Unnamed: 0_level_0,Unnamed: 1_level_0,visited
time_stamp,user_id,Unnamed: 2_level_1
2012-06-03,563,1
2012-06-03,1693,1
2012-06-03,1995,1
2012-06-03,2120,1
2012-06-03,2136,1
...,...,...
2014-06-08,11869,1
2014-06-08,11885,1
2014-06-08,11895,3
2014-06-08,11906,1


In [7]:
adopted_users = weekly_eng[weekly_eng['visited'] >= 3].unstack(level=1).melt()
adopted_users = pd.DataFrame(adopted_users.user_id.unique(),index=range(adopted_users.user_id.unique().shape[0]),columns=['user_id'])
adopted_users.head(10)

Unnamed: 0,user_id
0,1693
1,728
2,11764
3,5297
4,6171
5,69
6,2078
7,3623
8,6978
9,7590


We have our user id's that we can see who are the adopted users of the product. For the next part we are going to merge them and leave the users at that. 
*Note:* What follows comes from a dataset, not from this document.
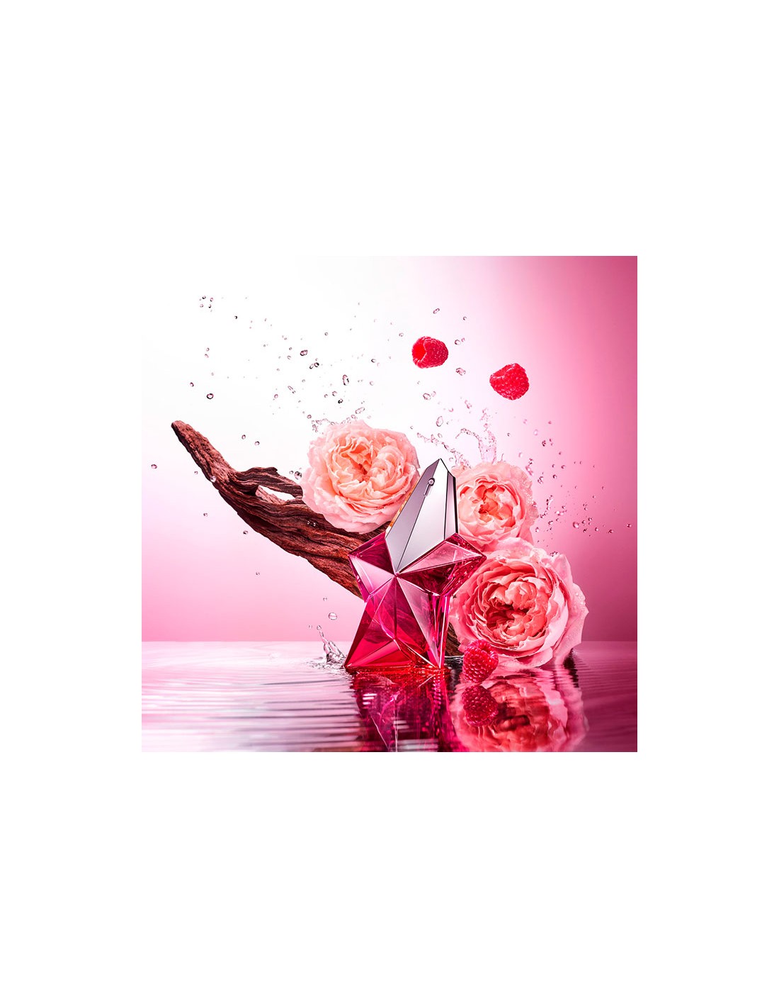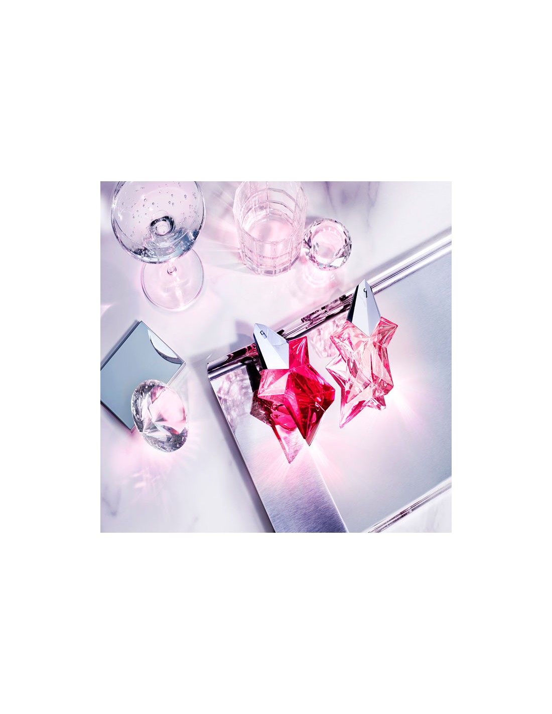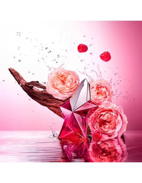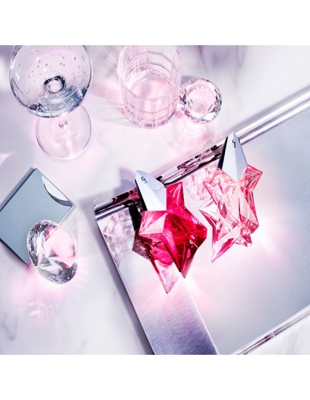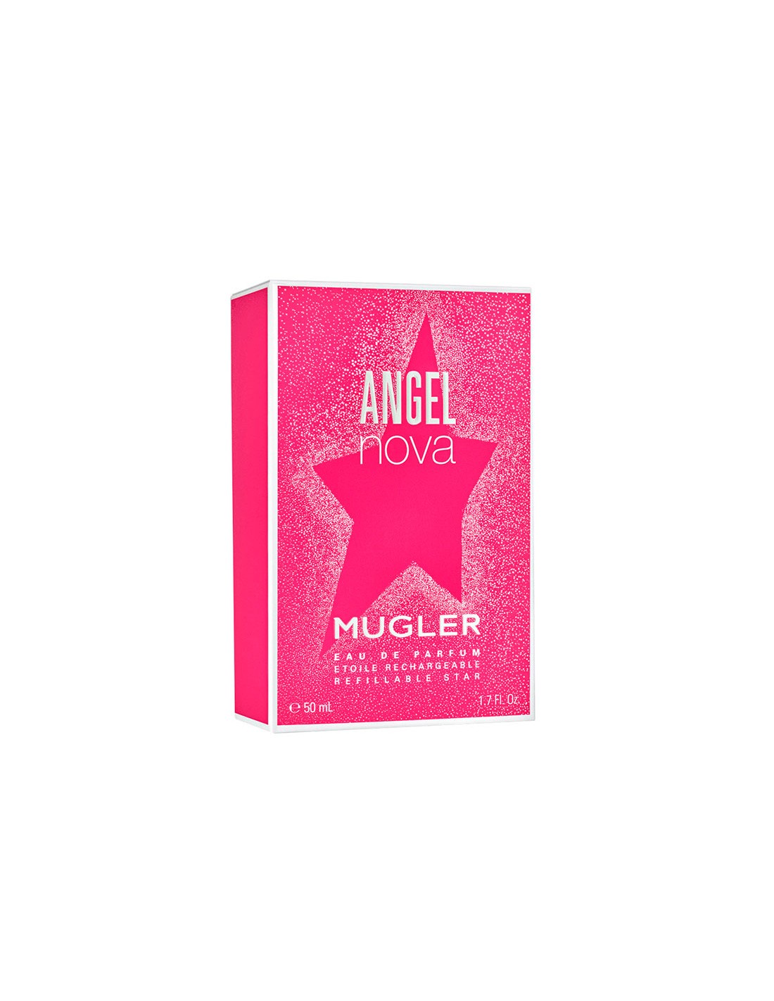 El frasco que guarda el jugo seductor de Mugler Angel Nova, forma una estrella mágica y divina, caída de la propia galaxia para brillar en cada momento. Una potente botella de cristal teñida en un color rosado transparente, como su ingrediente principal la rosa damascena.

Next we will grab our features and apply PCA component analysis to see which of the features are the best features to use. 

In [8]:
df = users.merge(adopted_users, how='inner', left_on='object_id', right_on='user_id')
df.fillna(value=0, inplace=True)
df.head()

Unnamed: 0,object_id,creation_time,creation_source,last_session_creation_time,opted_in_to_mailing_list,enabled_for_marketing_drip,org_id,invited_by_user_id,user_id
0,2,2013-11-15 03:45:04,ORG_INVITE,1396238000.0,0,0,1,316.0,2
1,10,2013-01-16 22:08:03,ORG_INVITE,1401833000.0,1,1,318,4143.0,10
2,20,2014-03-06 11:46:38,SIGNUP,1401364000.0,0,0,58,0.0,20
3,33,2014-03-11 06:29:09,GUEST_INVITE,1401518000.0,0,0,401,79.0,33
4,42,2012-11-11 19:05:07,SIGNUP,1401045000.0,1,0,235,0.0,42


In [9]:
#applying dummies to our creation source
dummy = pd.get_dummies(df['creation_source'])
features = pd.concat([df, dummy], axis=1)
features.drop(columns = ['creation_source', 'object_id', 'creation_time', 'user_id'], inplace=True)
features

Unnamed: 0,last_session_creation_time,opted_in_to_mailing_list,enabled_for_marketing_drip,org_id,invited_by_user_id,GUEST_INVITE,ORG_INVITE,PERSONAL_PROJECTS,SIGNUP,SIGNUP_GOOGLE_AUTH
0,1.396238e+09,0,0,1,316.0,0,1,0,0,0
1,1.401833e+09,1,1,318,4143.0,0,1,0,0,0
2,1.401364e+09,0,0,58,0.0,0,0,0,1,0
3,1.401518e+09,0,0,401,79.0,1,0,0,0,0
4,1.401045e+09,1,0,235,0.0,0,0,0,1,0
...,...,...,...,...,...,...,...,...,...,...
1440,1.400657e+09,0,0,65,11251.0,1,0,0,0,0
1441,1.401524e+09,0,0,15,5688.0,1,0,0,0,0
1442,1.401411e+09,1,1,52,6647.0,1,0,0,0,0
1443,1.400757e+09,1,0,31,6410.0,1,0,0,0,0


In [24]:
#scale the data and apply PCA to it
scaler = StandardScaler()
scaled_features = scaler.fit_transform(features)
pca = PCA()
components = pca.fit_transform(scaled_features)
np.sum(pca.explained_variance_ratio_[0:8])

0.9735922673875433

In [25]:
#look at our pca component features
df_pca = pd.DataFrame(pca.components_,columns=features.columns)
pca_features = np.absolute(df_pca[np.absolute(df_pca) > 0.1])

In [23]:
pca_features.head(8).sum(axis=0).sort_values(ascending=False)

org_id                        1.792770
SIGNUP_GOOGLE_AUTH            1.705164
last_session_creation_time    1.700941
SIGNUP                        1.524752
PERSONAL_PROJECTS             1.438816
enabled_for_marketing_drip    1.405251
opted_in_to_mailing_list      1.401398
ORG_INVITE                    1.076612
GUEST_INVITE                  1.016688
invited_by_user_id            0.637653
dtype: float64

Based on our PCA analysis we can see that org_id accounts for the most variance out of all the other features and provides the most indication that a user will be an adopted user in the feature depending on their org_id. However there are some other features that are useful such as last_session_creation_time and enabled_for_marketing_drip which also account for a lot of the variance.